▶ **EXERCISE OBJECTIVE**
Look below for the line holding "恒源祥Fazeya彩羊臻享人" and the line holding "Cute bow theme". Transcribe exactly those lines and all lines between them, nothing more.

▶ **DATA FOR THIS EXERCISE**
▼

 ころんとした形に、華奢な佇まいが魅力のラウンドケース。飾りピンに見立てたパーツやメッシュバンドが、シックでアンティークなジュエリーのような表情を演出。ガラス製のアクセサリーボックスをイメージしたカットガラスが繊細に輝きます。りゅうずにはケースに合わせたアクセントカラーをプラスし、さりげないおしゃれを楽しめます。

▲
▼

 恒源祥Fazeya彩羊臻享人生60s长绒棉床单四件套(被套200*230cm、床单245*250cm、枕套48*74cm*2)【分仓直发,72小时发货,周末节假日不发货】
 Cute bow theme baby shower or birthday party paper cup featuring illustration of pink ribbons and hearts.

▲

▶ **ANSWER BOX**
 恒源祥Fazeya彩羊臻享人生60s长绒棉床单四件套(被套200*230cm、床单245*250cm、枕套48*74cm*2)【分仓直发,72小时发货,周末节假日不发货】
 Cute bow theme baby shower or birthday party paper cup featuring illustration of pink ribbons and hearts.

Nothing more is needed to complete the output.